Dataset excerpts:
=== Section Start ===

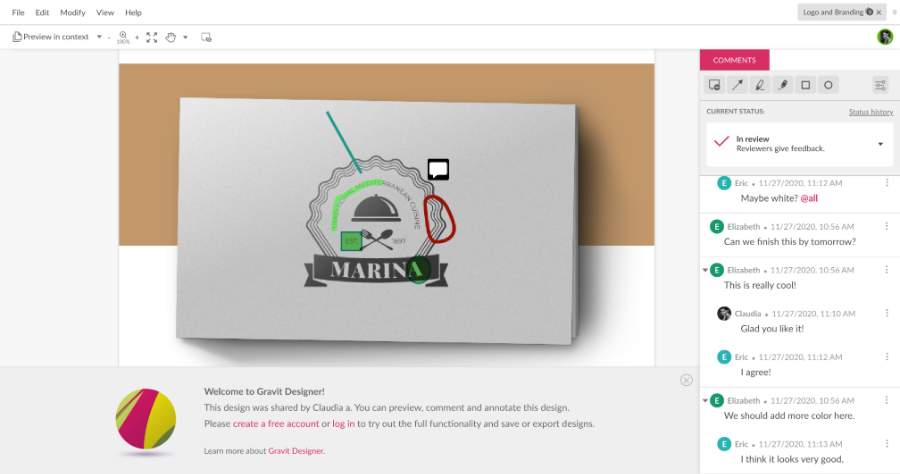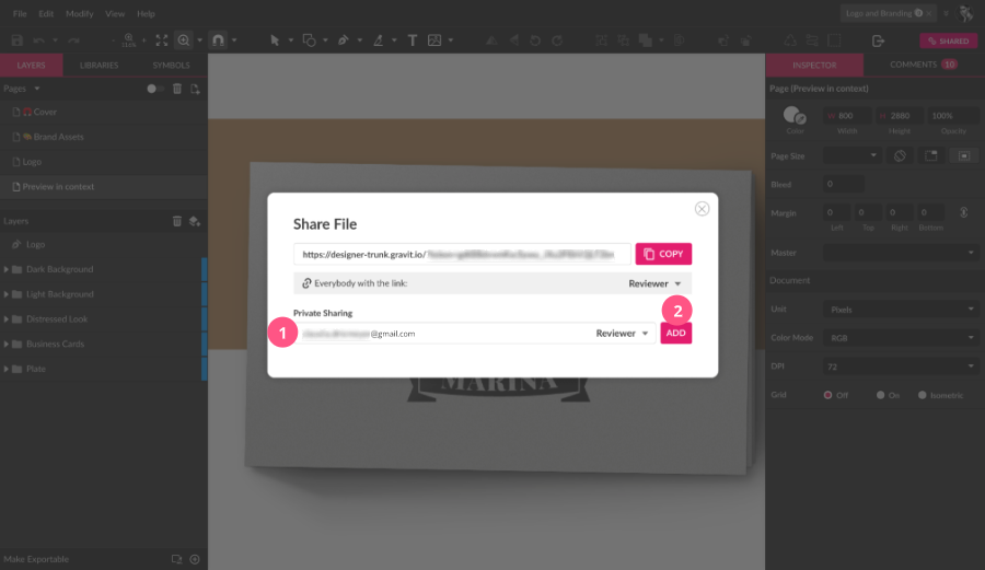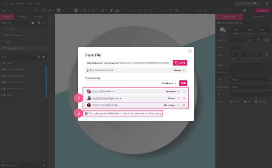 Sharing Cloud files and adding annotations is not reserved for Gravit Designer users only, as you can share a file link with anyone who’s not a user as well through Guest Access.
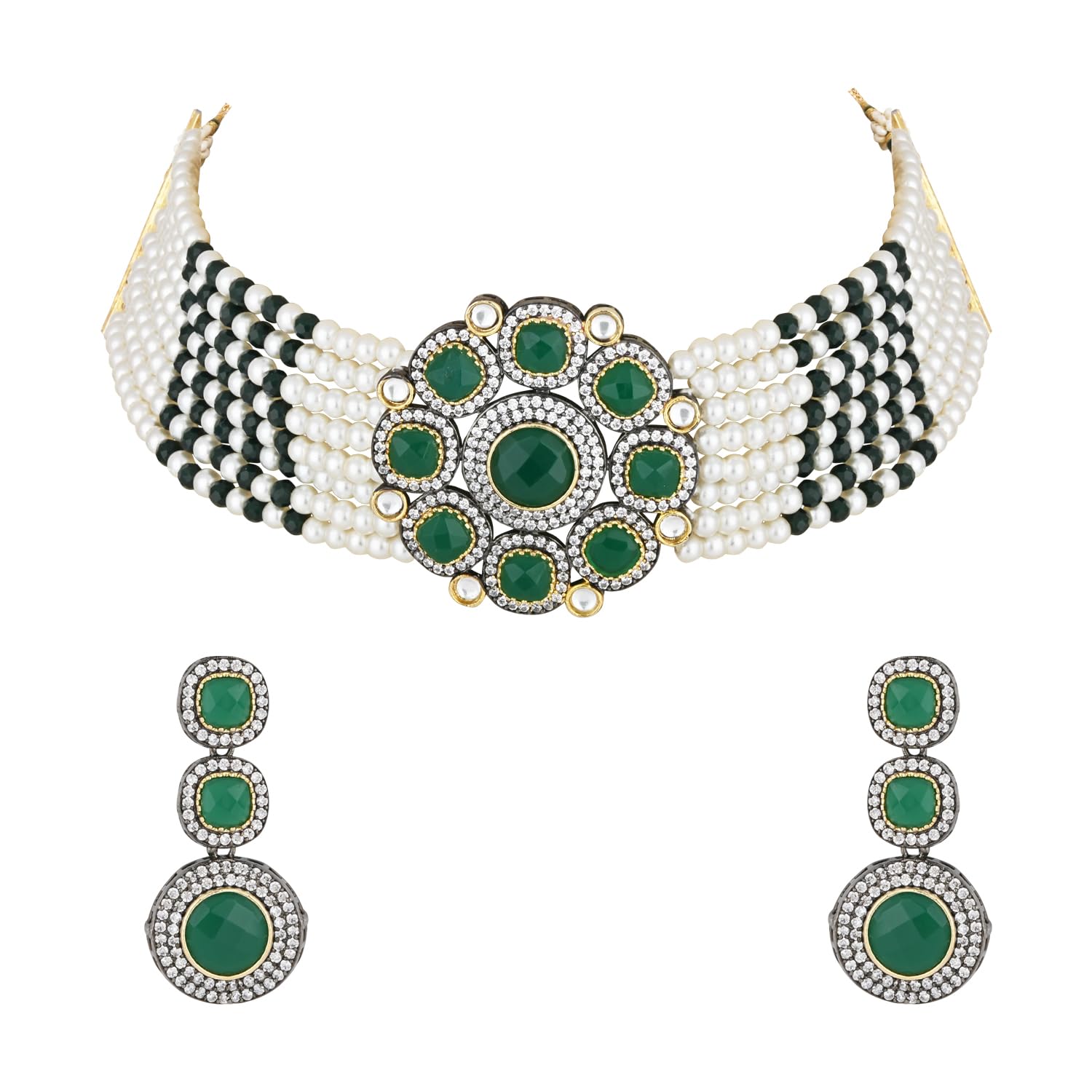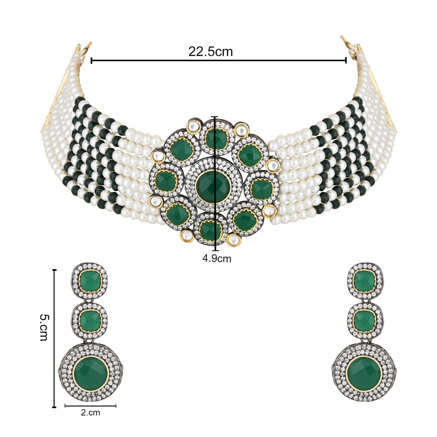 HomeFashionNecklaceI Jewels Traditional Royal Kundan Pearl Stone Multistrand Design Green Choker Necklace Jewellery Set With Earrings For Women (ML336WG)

=== Section End ===
=== Section Start ===

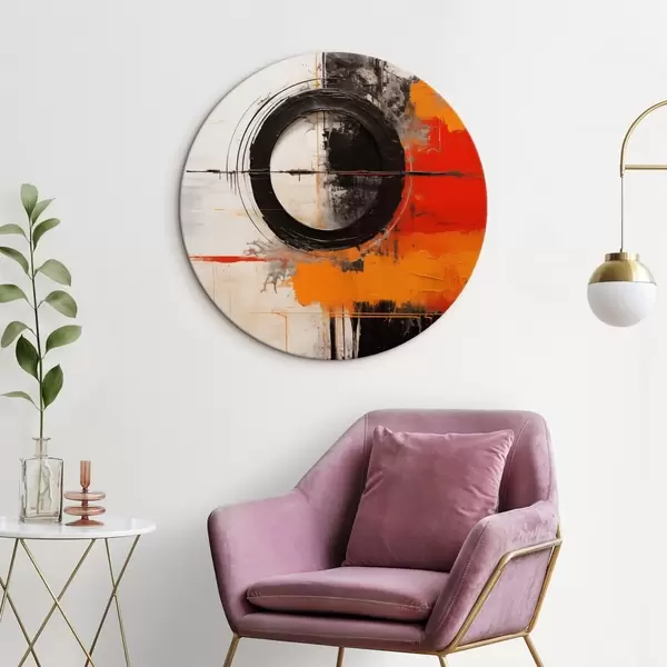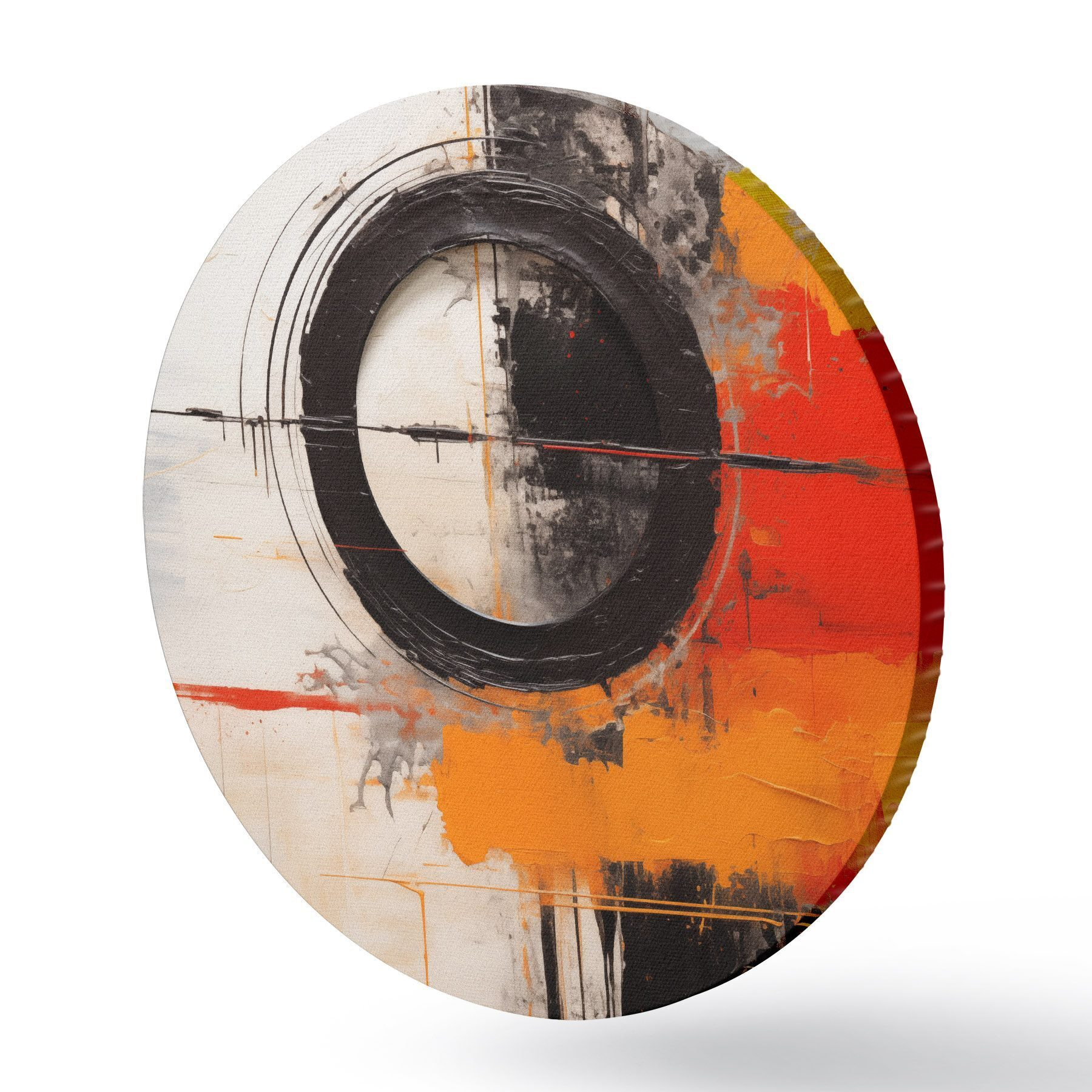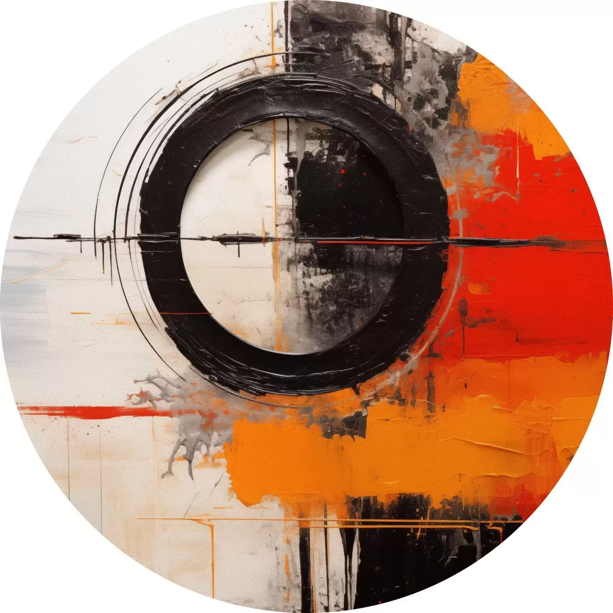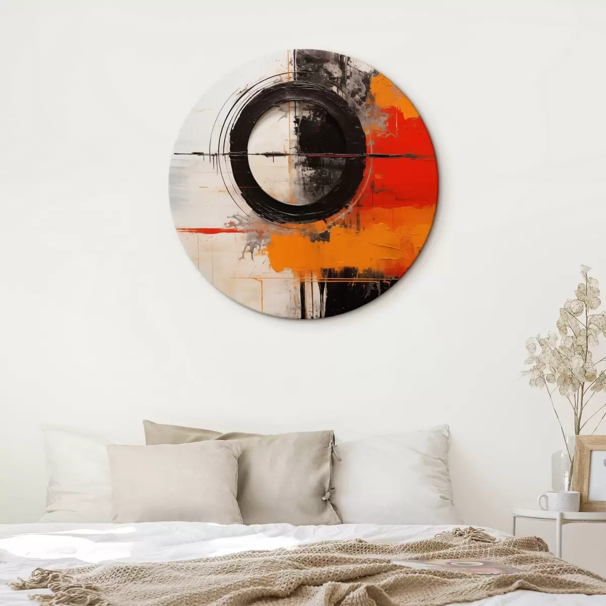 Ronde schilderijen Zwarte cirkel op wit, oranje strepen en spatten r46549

=== Section End ===
=== Section Start ===

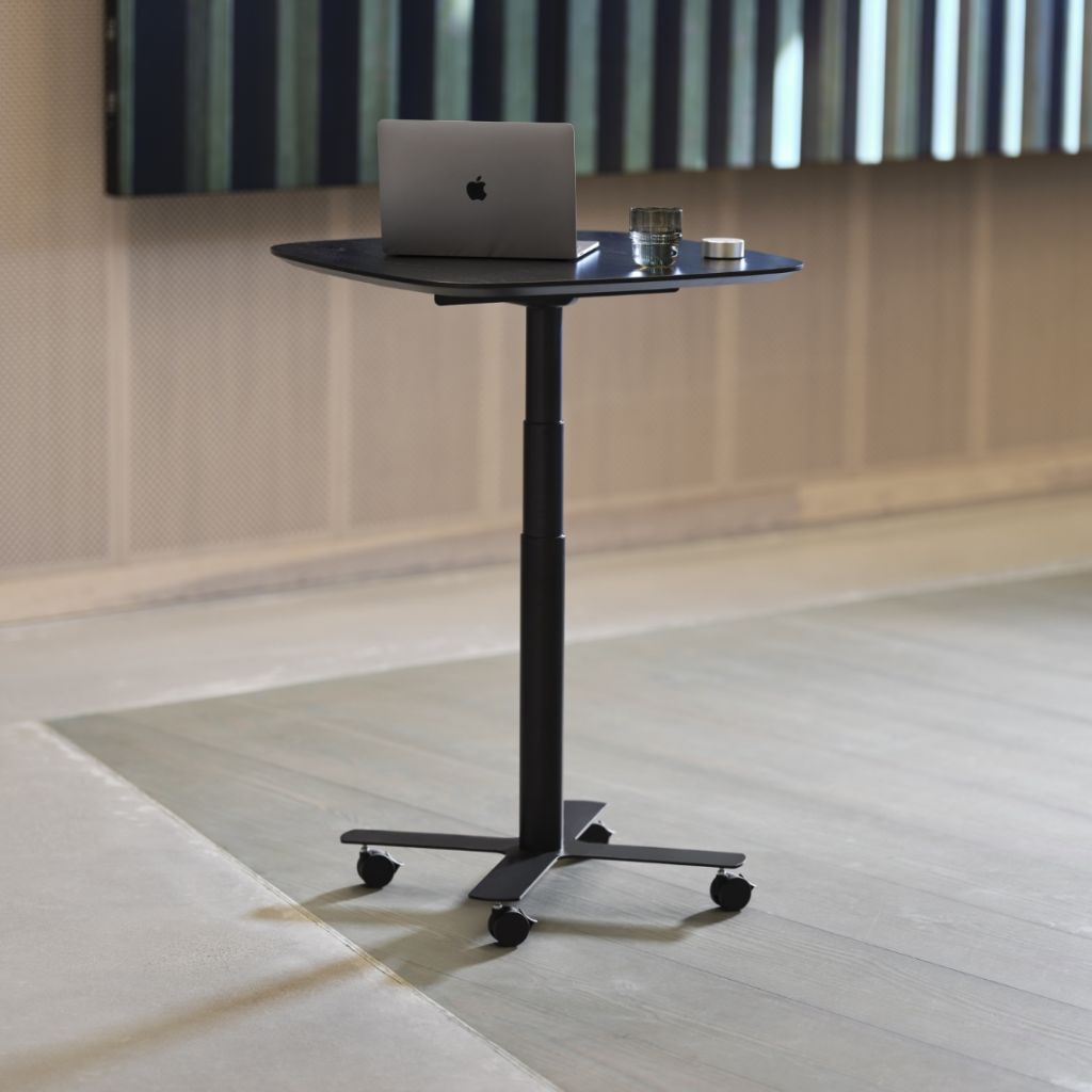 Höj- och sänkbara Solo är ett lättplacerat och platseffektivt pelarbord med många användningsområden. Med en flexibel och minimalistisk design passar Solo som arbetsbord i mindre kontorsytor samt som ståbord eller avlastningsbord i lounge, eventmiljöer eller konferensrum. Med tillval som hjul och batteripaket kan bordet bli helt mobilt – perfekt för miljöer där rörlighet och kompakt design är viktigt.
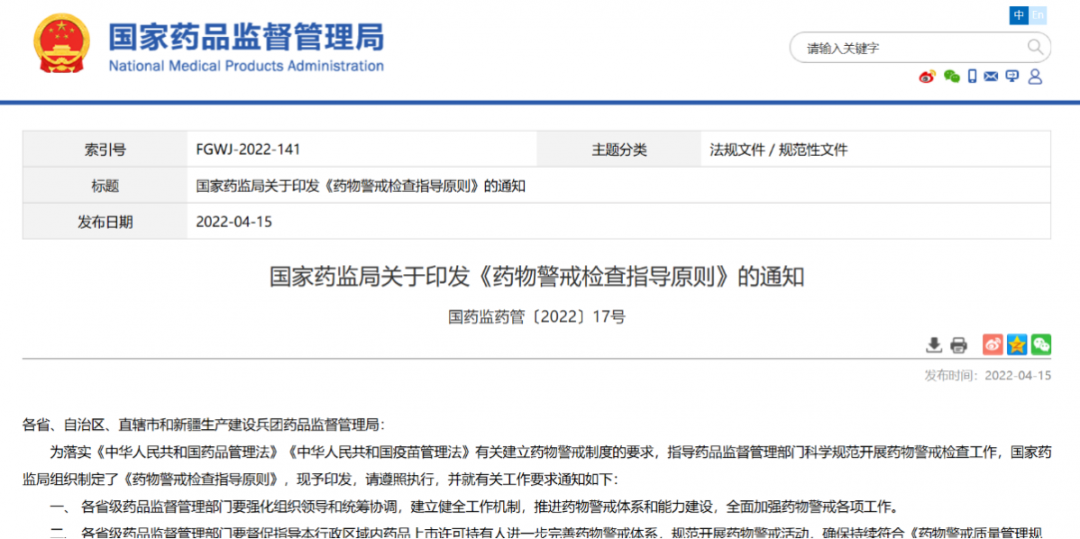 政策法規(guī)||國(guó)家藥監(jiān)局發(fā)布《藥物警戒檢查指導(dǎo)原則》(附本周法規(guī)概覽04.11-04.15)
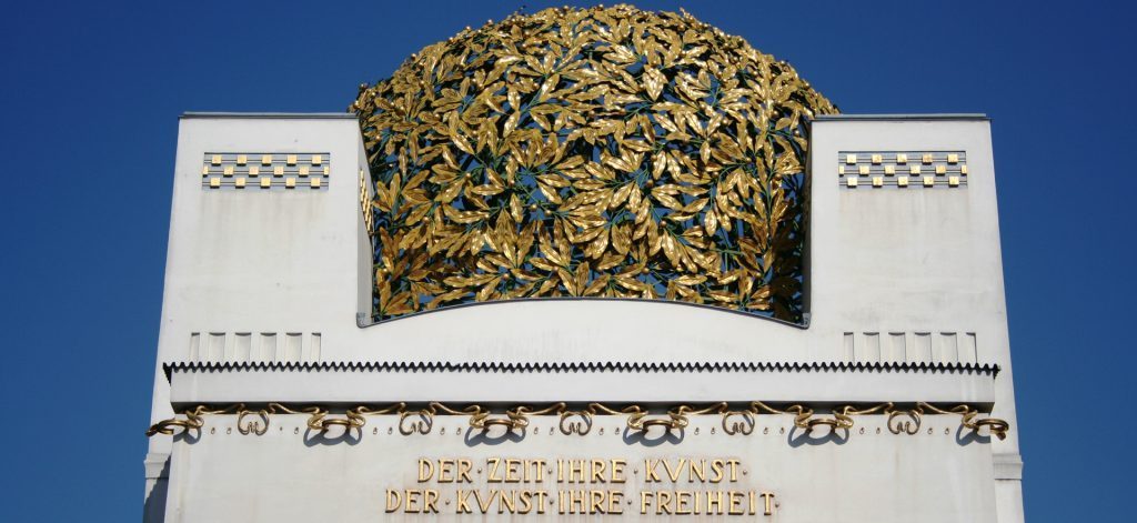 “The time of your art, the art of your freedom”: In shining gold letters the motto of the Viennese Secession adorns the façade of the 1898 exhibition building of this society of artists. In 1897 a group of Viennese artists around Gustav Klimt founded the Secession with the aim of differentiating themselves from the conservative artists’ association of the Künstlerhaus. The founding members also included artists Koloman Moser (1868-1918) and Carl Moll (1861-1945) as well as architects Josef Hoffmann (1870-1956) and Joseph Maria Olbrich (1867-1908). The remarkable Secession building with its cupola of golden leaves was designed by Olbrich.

=== Section End ===

The problem:
Each line above that falls between the line with "Sharing Cloud files" and the line with "HomeFashionNecklaceI Jewels Traditional" should be printed exactly, together with those two lines, but the pictures should not.

Expected answer:
 Sharing Cloud files and adding annotations is not reserved for Gravit Designer users only, as you can share a file link with anyone who’s not a user as well through Guest Access.
 HomeFashionNecklaceI Jewels Traditional Royal Kundan Pearl Stone Multistrand Design Green Choker Necklace Jewellery Set With Earrings For Women (ML336WG)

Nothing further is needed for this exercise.